Distribution of reads and taxa

Sequencing yielded 15,037,762 demultiplexed reads for the 180 samples, with an average of 83,543 per sample (± 43,817 SD), and the final filtered dataset contained 6,507,580 reads (mean 36,153 ± 20,016 SD per sample) distributed in 827 OTUs (mean 73 ± 37 SD, see Supplementary Data). As for phyla, the dataset consisted mostly of Arthropoda (50% reads, 78% OTUs) and Annelida (44% reads, 7% OTUs), while the order Diptera was exceptionally abundant both in terms of reads and OTUs (Fig. 2). Regarding the taxonomic resolution, 438 OTUs were identified to 406 different species. Further 137 OTUs were assigned only to the genus level, 104 to family, 144 to order, and the remaining 4 OTUs matched records without information on order or class. Nontarget sequences would comprise 32% reads (mean 31% ± 16 SD) and 88% OTUs (mean 74% ± 13 SD) if they were retained in the dataset, with a slightly lower read loss on day 1 (by 2.3% ± 0.8 SE, P = 0.007). Target OTUs were observed at the expected fragment length (418 bp), except for Rotifera at 421 bp, Tricladida at 415 bp, Thripidae and Hymenopteran Encyrtidae, Eulophidae, Mymaridae, Pteromalidae at 412 bp, Platygastridae at 409 bp, and only six OTUs deviated (three Diptera at 417 bp, three unidentified Coleoptera at 415 or 412 bp).

Figure 2
figure 2

Overall coverage of taxonomic orders in the final filtered dataset, in terms of read proportions and OTU counts, colored according to their parent phyla.

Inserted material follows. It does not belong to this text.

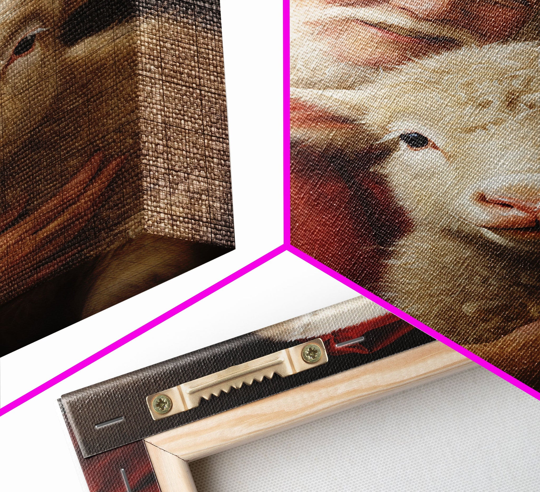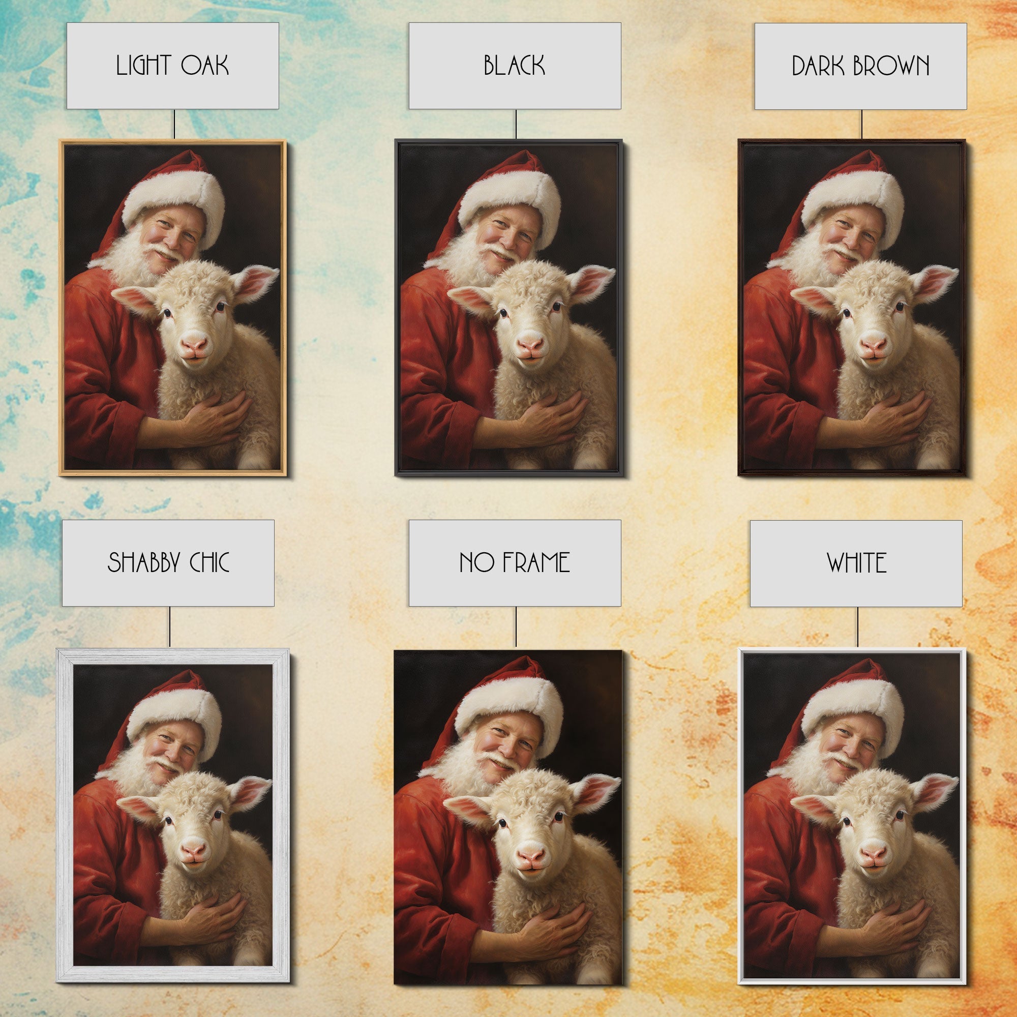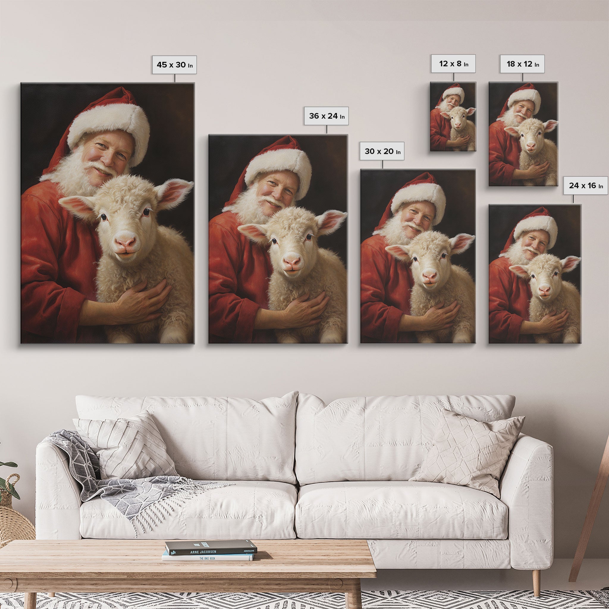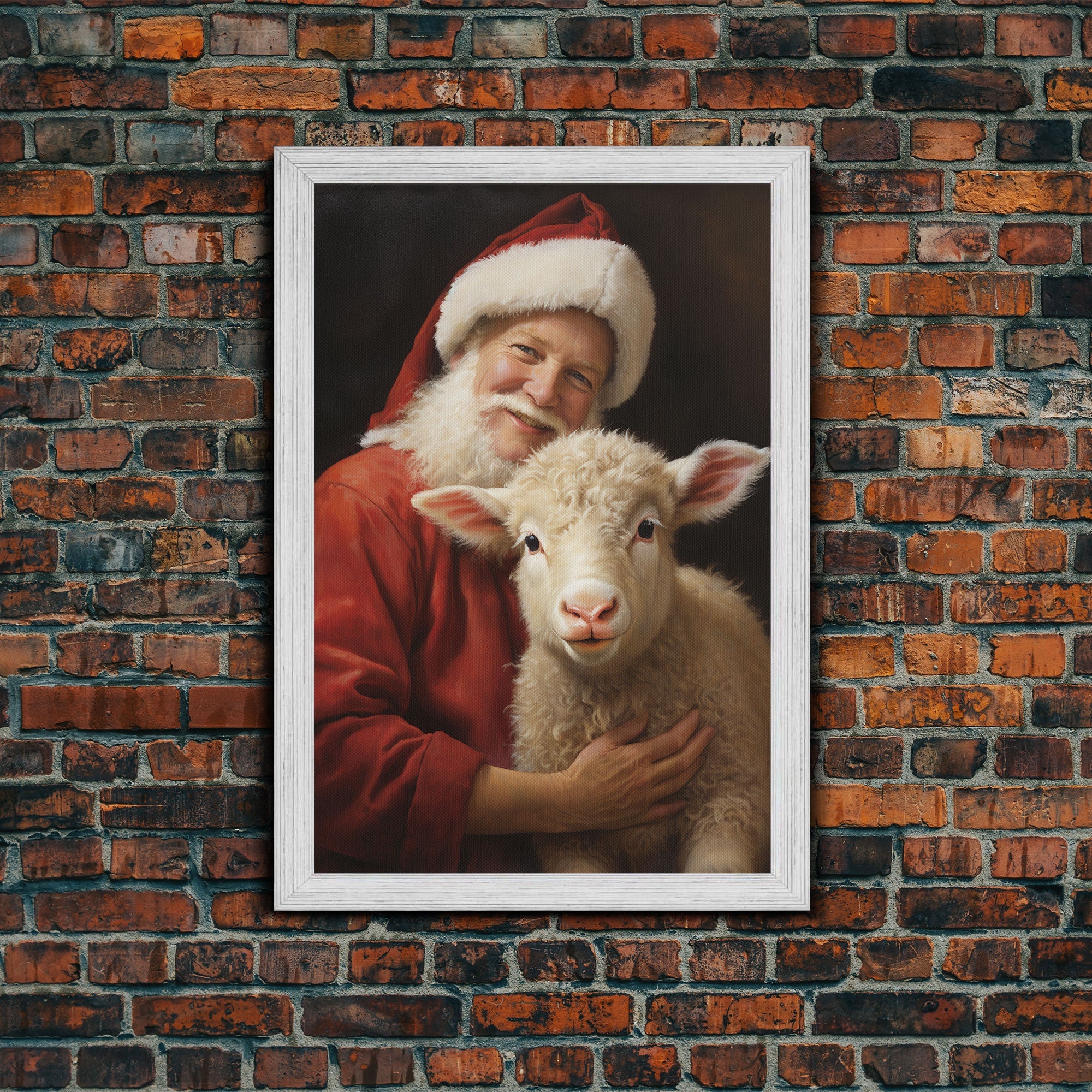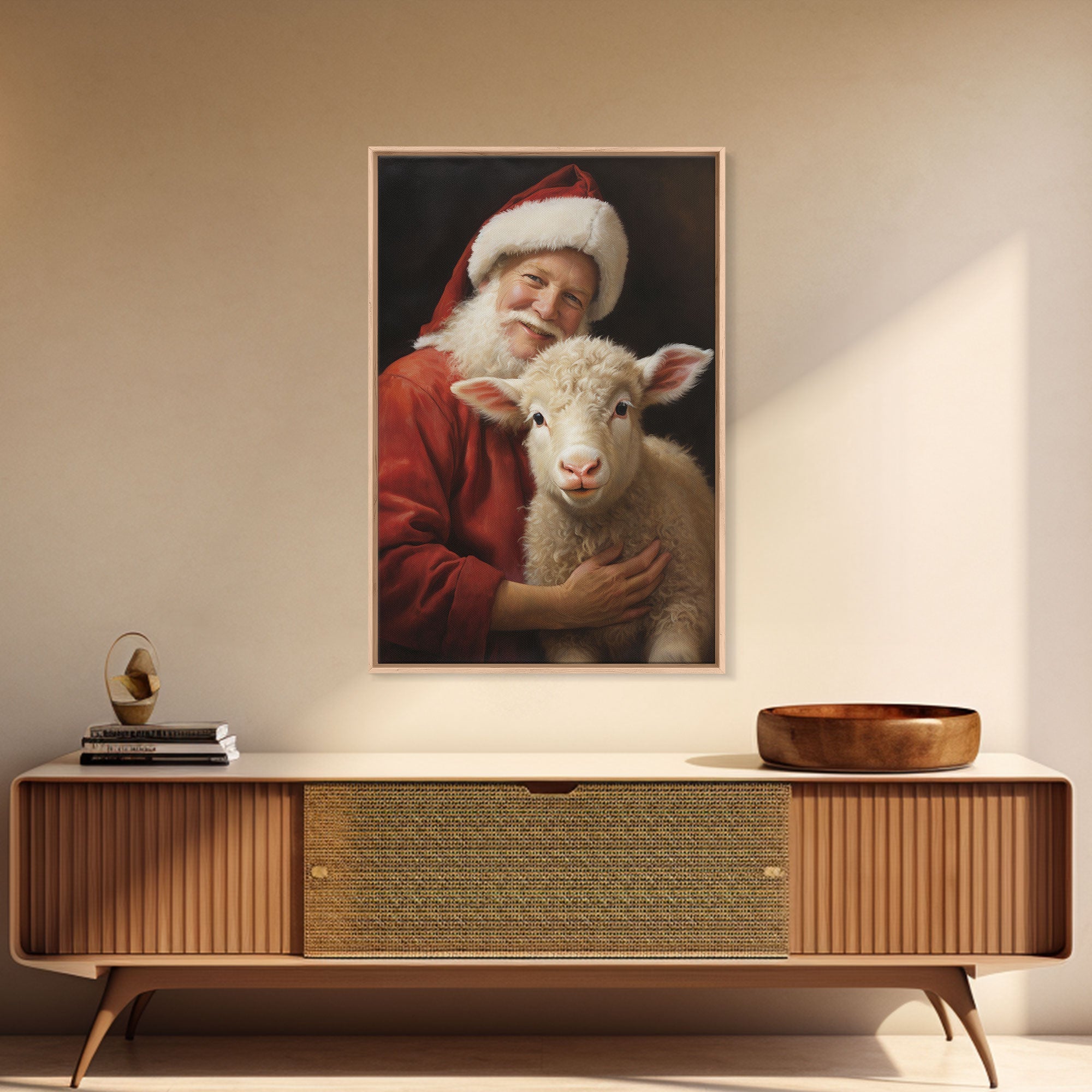 Farmhouse Christmas Decor, Santa And A Little Sheep, Framed Canvas Print, Christmas Wall Art, Xmas Art, Christmas Art Print, Santa Decor

All 180 samples received enough read coverage to reach a long rarefaction plateau or at least a similar degree of richness as their plateaued replicates (Supplementary Fig. S1), despite several samples obtaining less than 20,000 reads. Only one PCR replicate of lake VS02 is questionable: an outlier with < 2000 reads remained at 25 OTUs as replicates from days 1 and 28 rather than climbing to ∼ 65 OTUs with other replicates from day 14. Nevertheless, comparable discrepancies were observed even among replicates with high read coverage.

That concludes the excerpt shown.